One way it does it is to give creators exclusive rights for a limited period of time. The limit encourages new makers to use and remix existing culture.
Fair use is the biggest balancing feature of copyright. It ensures that the rights provided to the creators don’t become oppressive to the users. Fair use is the legal, unauthorized use of copyrighted material… under some circumstances. And we’ve spent generations trying to figure out which circumstances apply.
Fair use is a space for creativity. It gives you the leeway to take the culture around you and incorporate it into your work. It allows you to quote other scholarship in your research. It allows you to incorporate art into new works.
There are four factors of fair use. Every judge should consider the reason for the use, the kind of work used, the amount used, and the effect on the market. But it doesn’t tell the judges how much to consider or which is more important. The good news is that judges love balancing features, and the Supreme Court has determined that fair use protects free speech. However, since copyright is automatically conferred as soon as the creation is fixed, the fair use judicial interpretations have shifted greatly since 1990 to be more in the balance of the users in certain circumstances.
Without fair use, copyright would be in conflict with the 1st Amendment.
Judges want to know if the use is transformative (i.e. for a new purpose, context, audience, insight) and if you used the right amount in that transformative process.

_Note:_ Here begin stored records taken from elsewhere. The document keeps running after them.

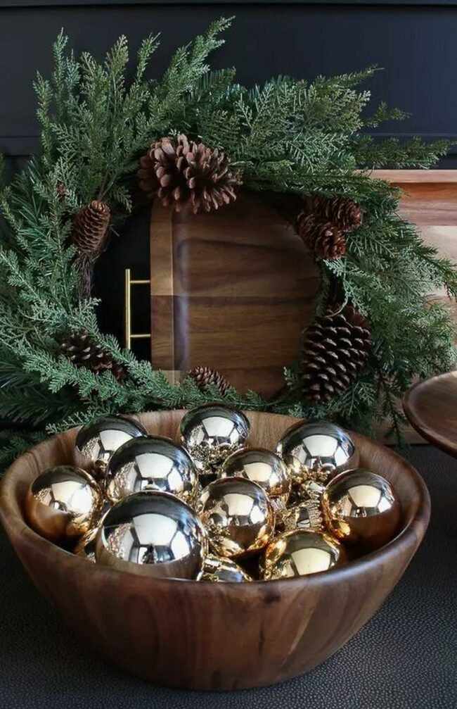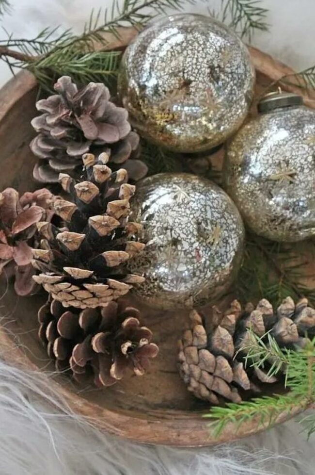 Holiday decor collections bring natural charm through rustic pinecones and shiny silver ornaments nestled in a wooden bowl.
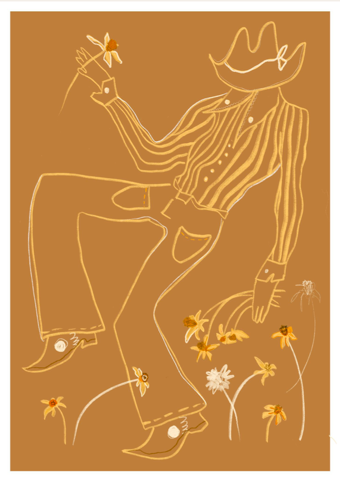 The first collection, ‘Dancing in the Desert’, is now 10 prints strong. Flamboyantly-dressed cowboys and their desert-dwelling friends are depicted in dreamy natural settings, the colours and style akin to those you might find in a children’s book with a grown-up twist. Each one is inspired by a moment from a book, film, song or memory, the title giving an insight into a story it’s up to the viewer to tell in full.
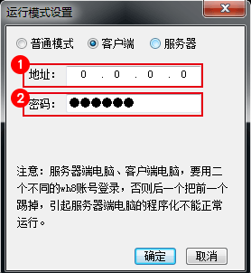 第二步:B电脑设置为客户端 点击菜单栏的【运行】—>【运行模式设置】,在弹出的设置框中输入A电脑的IP地址及在A电脑上设置的密码,设置完成后点击确定。
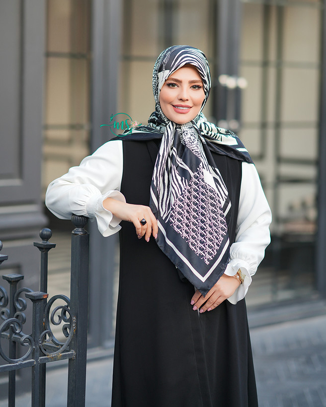 روسری ابریشم ژاکارد طرح پلنگی مشکی
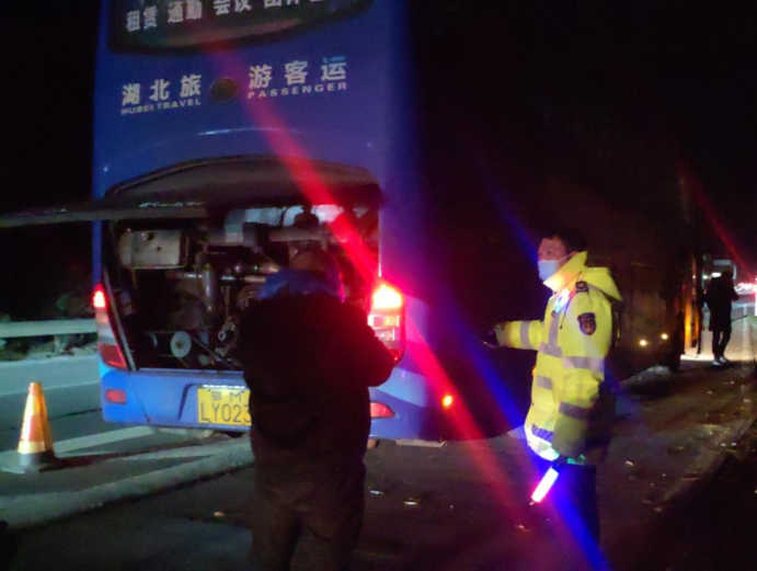 当天凌晨1时许,湖南高速集团怀化分公司芷江管理所响起了急促的电话声:“我的车坏了,车上有很多乘客,请快来帮我!”管理所巡查人员了解了车辆位置等情况后,迅速赶到现场,发现一辆鄂M牌照的大客车停在应急车道,有几位乘客站在车旁抽烟闲聊,旁边行车道上不断有车辆呼啸而过,情形十分危急。
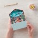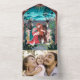 Une jolie main religieuse peinte en bleu de la crèche, rouge Marie & Joseph et bébé Jésus. OEuvre originale de Caroline Bonne Müller
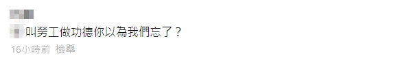 另有台灣網友提及賴清德“功德說”:以為大家忘了你叫勞工做功德? 2017年11月,賴清德任台灣行政機構負責人時,曾在一場公開活動中表示,若照服員(照顧服務員)覺得3萬新台幣的月薪太低,就當作“做功德、做善事”。此言引發社會反彈,網友紛紛戲稱其“賴功德”。
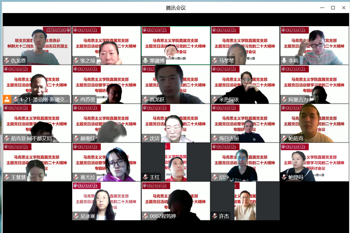 11月11日下午,马克思主义学院直属党支部通过腾讯线上会议,开展了主题党日活动暨学习党的二十大精神专题研讨。
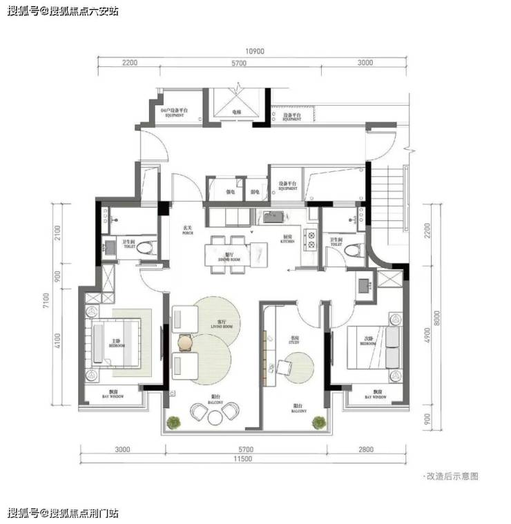 当然,预算更高的可以看看——刚改旗舰边套户型:建面约114方四房两卫。
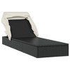 vidaXL Black Poly Rattan Sunbed with Foldable Roof - Adjustable Patio Daybed with Steel Frame and Cream Cushion for Outdoor, Poolside, Balcony
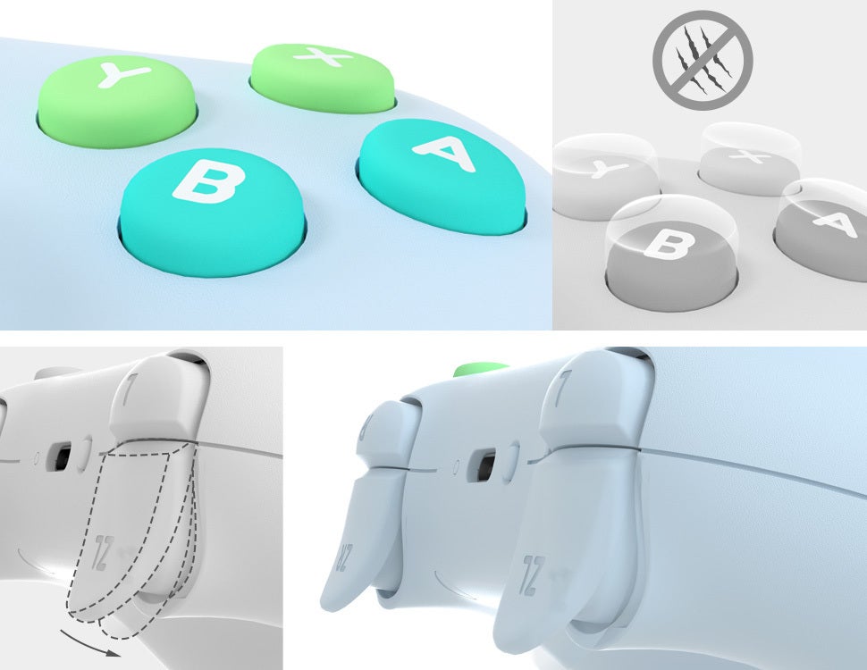 A・B・X・Yボタンの各表面は傷がつきにくく、また、ZL・ZRボタンは少しカーブしているので、ボタンを押すとき滑らないようにしました。
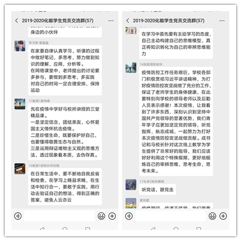 听完“在线教学第一课”,大家反响热烈,纷纷通过在线讨论方式发表了自己的感想,并围绕‘我们自身可以从哪些方面开始“行”,踏上求“知”的新征程’、“作为学生党员如何发挥先锋模范作用为此次大考交一份满意的答卷”等问题进行了交流讨论。
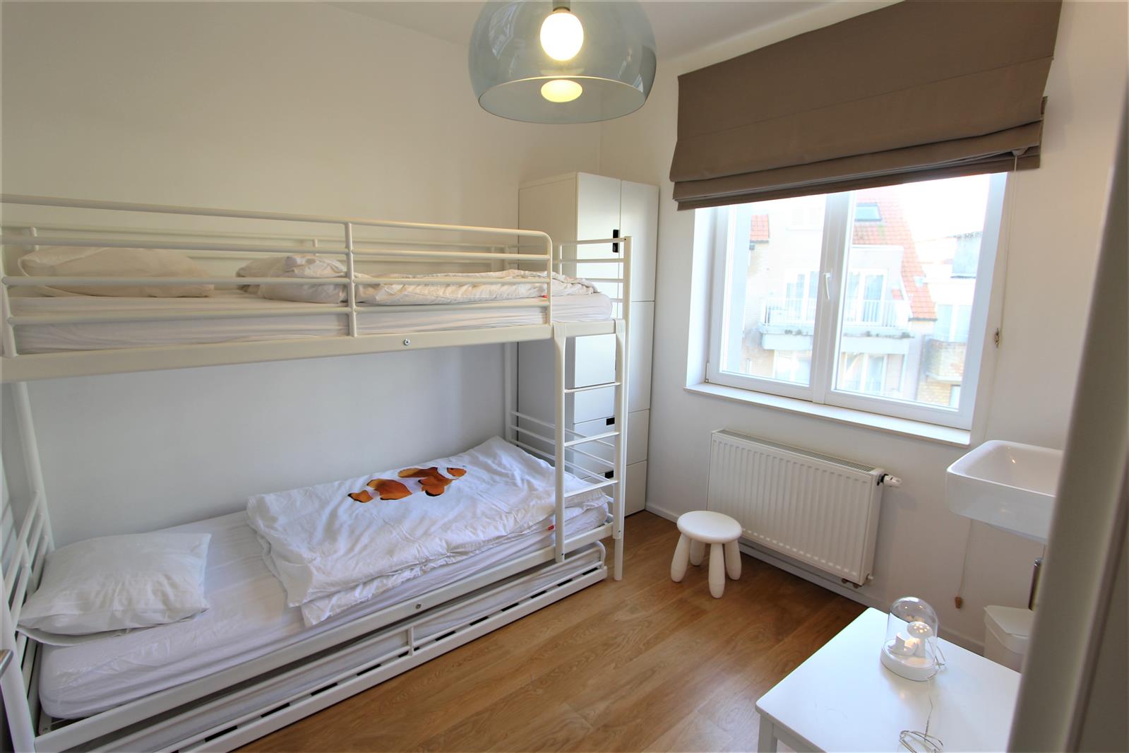 Gezellig 3-slaapkamerappartement op een toplocatie tussen het driehoeksplein en de Zeedijk. De leefruimte heeft een overvloed aan natuurlijk licht, wat zorgt voor een aangename en open sfeer. De praktische keuken sluit mooi aan op de leefruimte. Er zijn twee dubbele slaapkamers en een kinderkamer met stapelbed. Elke slaapkamer is voorzien van een eigen lavabo, wat extra comfort en privacy garandeert. Daarnaast is er een afzonderlijke douchekamer en een apart toilet. Voor extra gebruiksgemak zijn er ook een wasmachine en droogkast aanwezig. In de residentie is er gemakkelijke fietsenstalling en garagebox is inbegrepen in de prijs.

For example, parody is making fun of the original work, not just reusing it. An appropriate amount can refer to both the quantity of the original in the transformative work, and also the audience who received your transformative work. For example, the many photographic memes that take pictures and alter them to fit a theme, like One Tiny Hand.
Judges care about you and what you think is fair. There is a pattern of judges deferring to the well-articulated norms of a practice community.

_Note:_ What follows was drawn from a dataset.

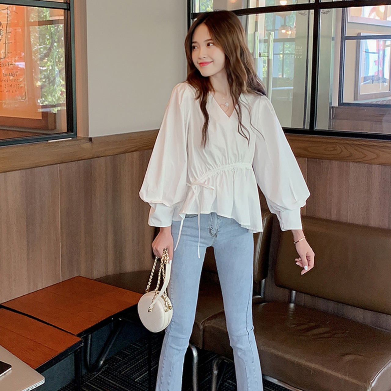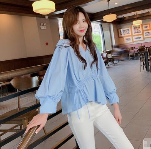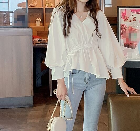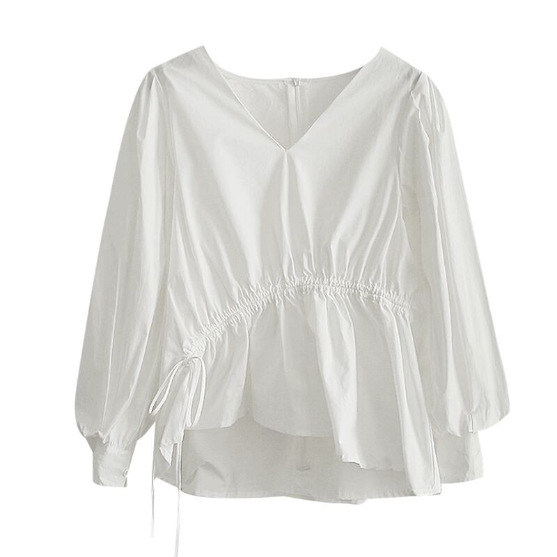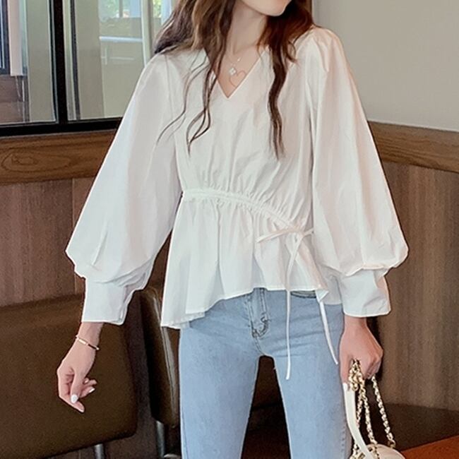 全2色 ブラウス トップス プルオーバー ゆったり オーバーサイズ 長袖 パフスリーブ Vネック ペプラム ランタンスリーブ フリル アシンメトリー 可愛い ガーリー カジュアル デイリー デート 秋
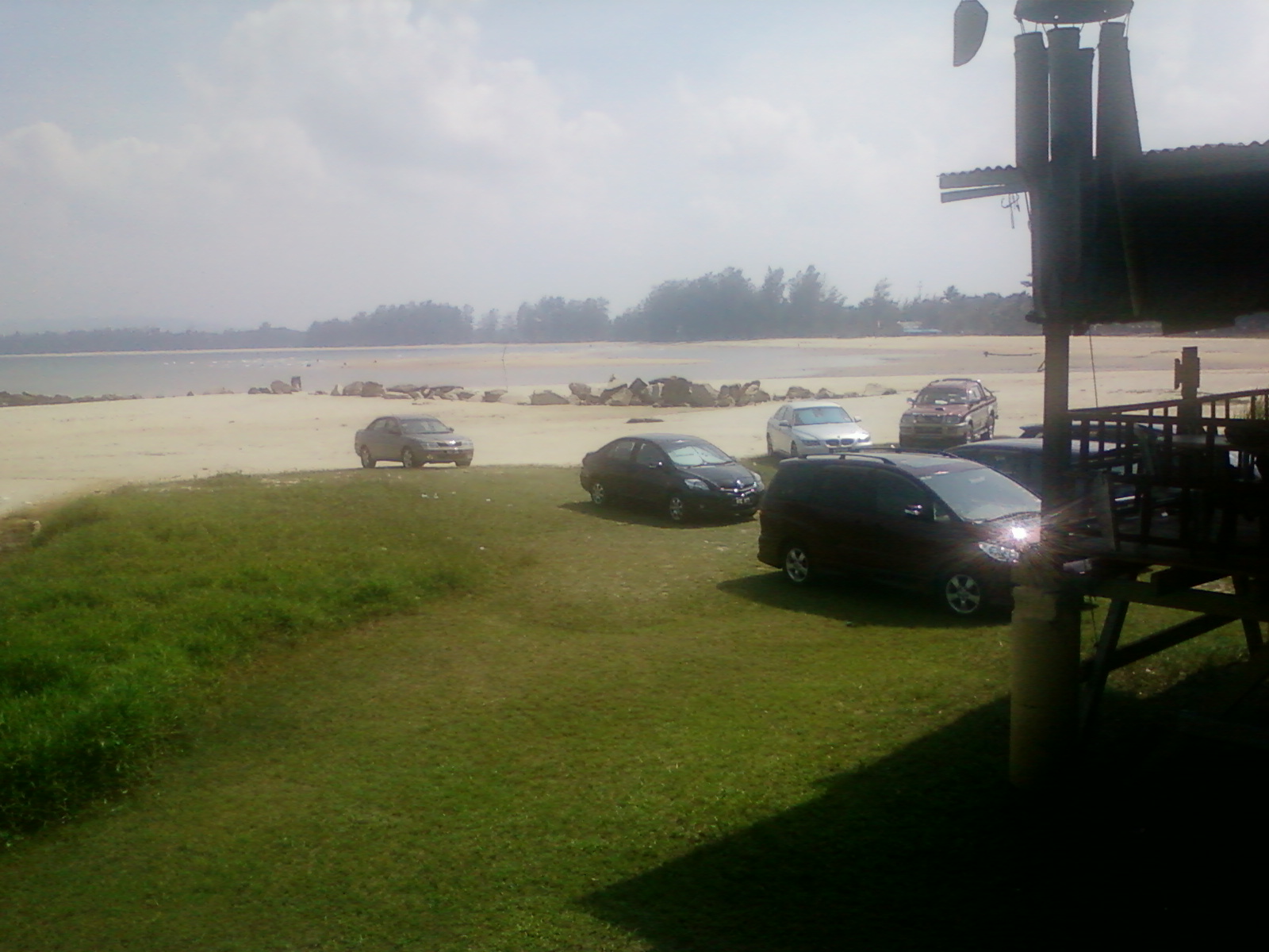 Then we head of for a 3 hour journey across the country from west to east coast, on our way, we saw some..... well we saw nothing much, except cows crossing roads.... why, because Master and I were addicted to iPad!!! and Dad had his eyes on the road and Mama had her ears on the phone with the others.... yea, there were others, 24 others that is... it's like a reunion! that's because it is.... After an hour, we stop for a toilet break somewhere near Karak highway.... Then that's pretty much the last time we stop until we finally arrived at The Legend Resort Cherating, where Dad made a U turn after passing by a kilometre, because he found a place to have lunch, then he made a U turn, to go to the hotel to check in, yea, WE WERE FIRST!!! how great was that, we get all the keys and we go up to the room and put our stuffs, unfortunately the other rooms of that floor were taken, so we had to move to one of the sea view rooms, yes, of course there are extra charges... Then came the Yap family, who met us at the corridor, then we met the Chan family at the lobby getting their luggage out, then we wait for them to unpack, then we head of for lunch, which Dad already decided where to eat.

Best practices codes are a logical outgrowth of the things the communities have articulated as their values and the things they would consider to be legitimate transformative works. Documentary filmmakers, scholars, media literacy teachers, online video, dance collections, open course ware, poets… many groups are creating best practices for fair use.
The documentary filmmakers have had a code of best practice for a long time. They realized that without it, they were limiting themselves too much in what they could create. Once they codified their values, more broadcast sources were willing to take films and new kinds of films were being made. Insurers of errors and omissions insurance were able to accept fair use claims, and lawyers use the Statement to build their own best practices in the relevant areas.

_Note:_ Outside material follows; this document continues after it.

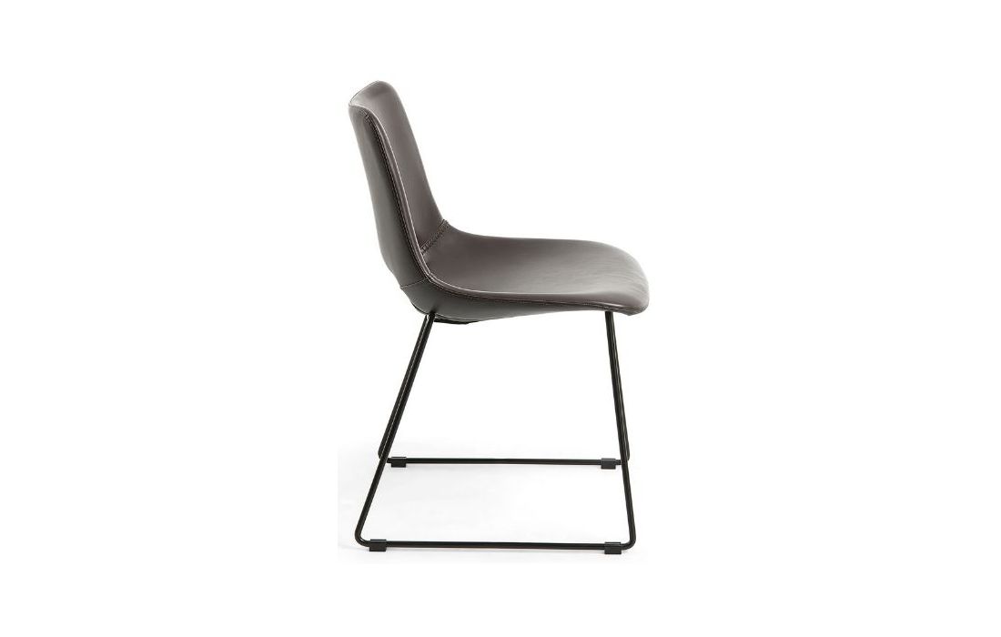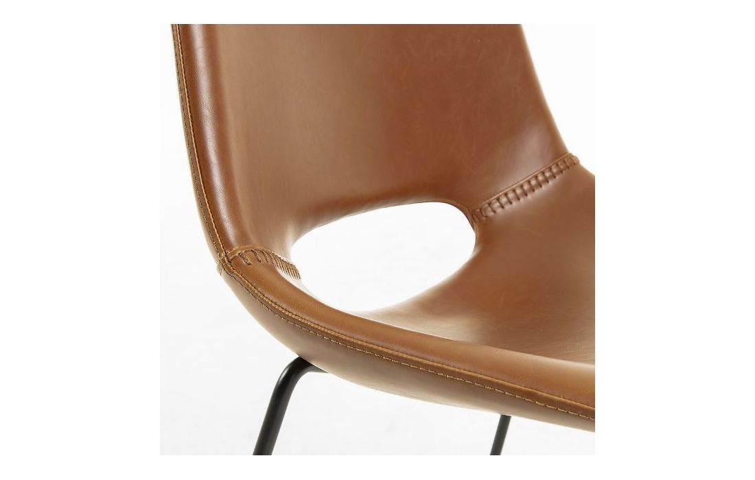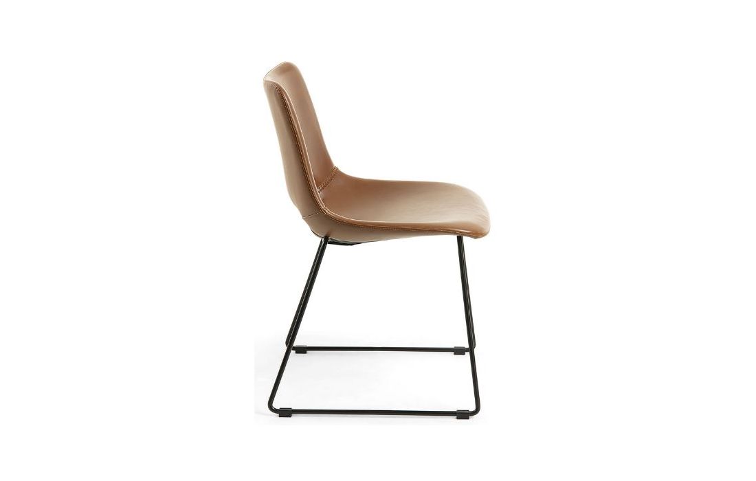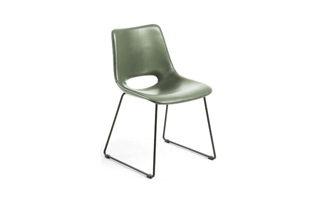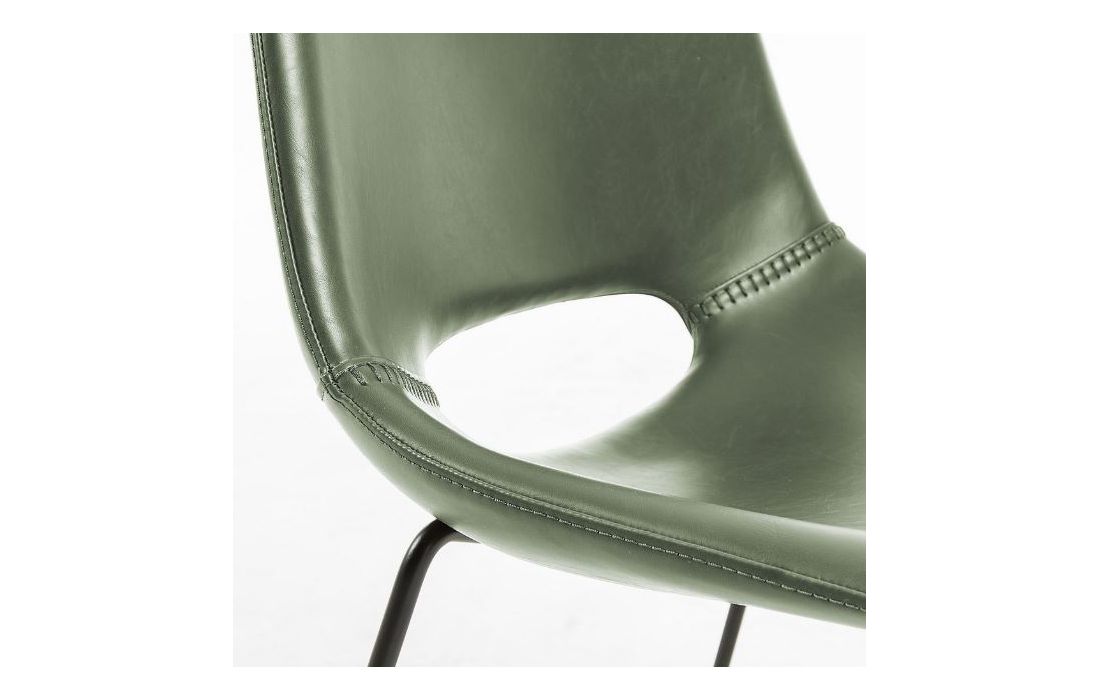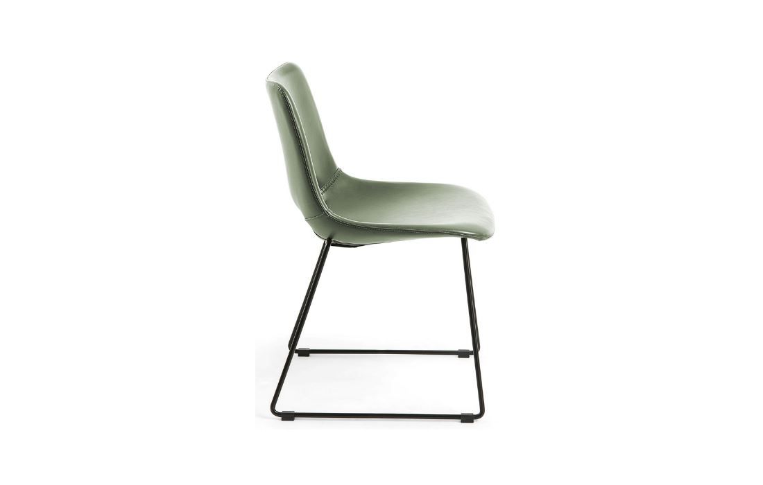 Chair with black metal frame and upholstery in green, brown or light brown synthetic leather.

Keep in mind, though, that these are best practices and not guidelines. Principles, not rules. Limitations, not bans. Reasoning, not rote. The numerical limits we once followed are not the law, and we need to keep them fresh to be relevant.
Licensing is a different thing all together. This means you may have less rights in some instances, and more rights in others, regardless of fair use.
For libraries, fair use enables our mission to serve knowledge past, present, and future. We have a duty to make copyrighted works real and accessible in the way people use things now. What will libraries be in the future? How will we stay relevant? We need to have some flexibility with the stuff we have in our collections.
Many librarians are discouraged. Insecurity and hesitation equal staff costs to hire someone to clear copyright questions. Fair use would help, but it’s underused. Risk aversion subsumes fair use analysis.
The ARL document took a lot of people from diverse institutions and many hours of discussion to create it, and it was reviewed by several legal experts. It’s not risk-free, since it would need to stand up in court first (and there are always lawsuit-happy people), but it seems okay based on past judgement.
They hope it will put legal risks into perspective, and will give librarians a tool to go to general counsels and administrations and let them know things are changing. It considered the views of librarians and their values, and they also hope that people will speak out publicly that they support the Code.
Fair use applies in these common situtations:
- course reserves — digital access to teaching materials for students and faculty, although it should be limited to access by only the appropriate audience
- both physical and virtual exhibits — if it highlights a theme or commonality, you’re doing something new to help people understand what’s in your library
- digitizing to preserve at-risk items — you’re not a publisher or scam artist, you’re a librarian making sure the things are accessible over time (like VHS tapes)
- digitizing special collections and archives — you’re keeping it alive
- access to research and teaching materials for disabled users — i.e. Daisy
- institutional repositories
- creation of search indexes
- making topically-based collections of web-based materials
Practice makes practice. It won’t work if you don’t use it.